À Biscarrosse, l’incendie qui a détruit près de 200 bâtiments ayant été fixé, les habitants étaient de retour dans la ville mardi, oscillant entre désarroi et soulagement. Après « trois jours dignes de scènes de guerre », « tout le monde est content de rouvrir », assure derrière son comptoir une boulangère à l’entrée de la ville de 15 000 habitants hors saison, autour de laquelle jusqu’à 30 000 personnes ont été évacuées pour échapper aux flammes qui ont ravagé 3 700 hectares de pinède. Le brasier qui a sévi durant plusieurs jours, fixé dans la journée de lundi mais pas encore éteint, continue d’inquiéter. « Le feu peut reprendre. On peut avoir des mauvaises surprises », avait mis en garde la veille le préfet Gilles Clavreul, en maintenant bouclé une poignée de quartiers par précaution.

Le pays entrevoit « le bout

du tunnel »

Si le vent menace de tourner au sud, la levée de l’ordre d’évacuation dans 13 communes donne un premier signal positif de la lutte contre les feux en Espagne. Le travail des pompiers et des militaires « dans des heures très difficiles, très critiques » a permis d’inverser « réellement la tendance et nous permet donc de commencer à entrevoir la lumière au bout du tunnel dans la lutte contre ces incendies, avec toutes les précautions nécessaires », a déclaré mardi le Premier ministre Pedro Sanchez.

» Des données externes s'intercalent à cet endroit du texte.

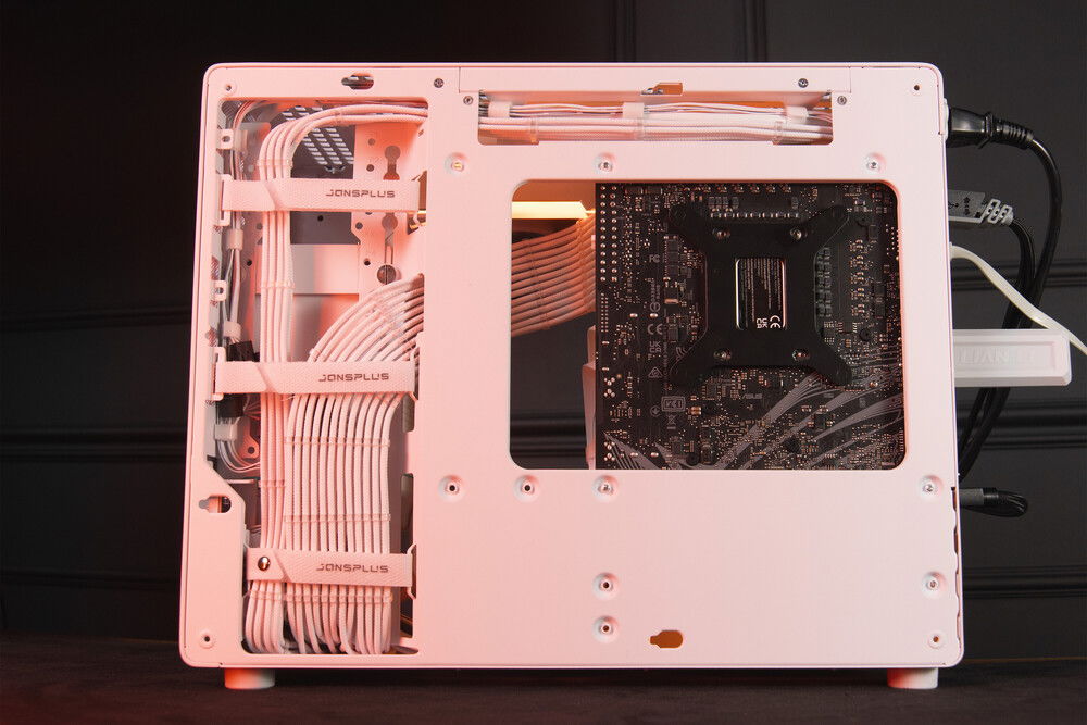 The Jonsplus Z20 case is already compact enough not to dominate the room, but it’s not quite SFF, where everything is crammed in and you have to carefully select each component. Here, you can fit a standard (but short) ATX power supply, affordable mATX motherboards, relatively long graphics cards, and a normal dual-radiator liquid cooler (as long as it isn’t too thick).

Mais le front le plus critique, au nord du lac artificiel de San Juan à 70 kilomètres à l’ouest de la capitale, préoccupe encore les autorités. Une nouvelle vague de chaleur arrive en Espagne et doit durer jusqu’à au moins dimanche, selon l’Agence météorologique nationale (Aemet), qui a alerté sur des risques « extrêmes » d’incendies.

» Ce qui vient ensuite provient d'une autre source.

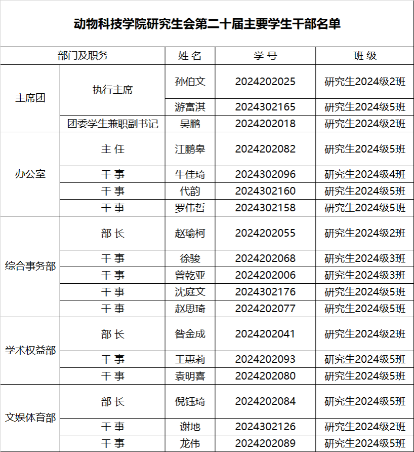 经个人申请、班级推荐、资格审查、学院组织面试遴选,报经院党委批准后,现将tyc522cc太阳成集团主页研究生会第二十届主要学生干部名单进行公示。
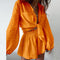 Completo da donna in due pezzi: camicetta a maniche lunghe con laccetti al collo, pantaloncini con balze elastiche in vita
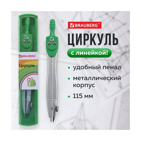 Качественный металлический циркуль BRAUBERG "Klasse" предназначен для учеников младших и средних классов.
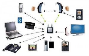 Gli apparecchi acustici più evoluti implementano lo standard di comunicazione a radiofrequenza Bluetooth, il quale consente il collegamento a vari dispositivi senza usare cavi. Questa tecnologia offre maggiore flessibilità e libertà di movimento. Essa infatti garantisce un collegamento stabile e senza interferenze fino ad una distanza di circa 5 metri. I dispositivi compatibili a cui è possibile connettere l’apparecchio acustico sono il telefono cellulare e fisso, il televisore, il computer, il lettore mp3.

Une femme grièvement brûlée dans l’incendie qui a touché l’Andalousie le 9 juillet est morte des suites de ses blessures, a annoncé jeudi l’hôpital où elle était soignée, portant le bilan à 14 morts, en majorité des étrangers. Cet incendie, qui s’était déclenché dans la région d’Almeria, était parti d’un câble d’alimentation électrique le long d’une route nationale dans la zone de Los Gallardos, où la végétation était desséchée à cause de la chaleur, d’après les autorités.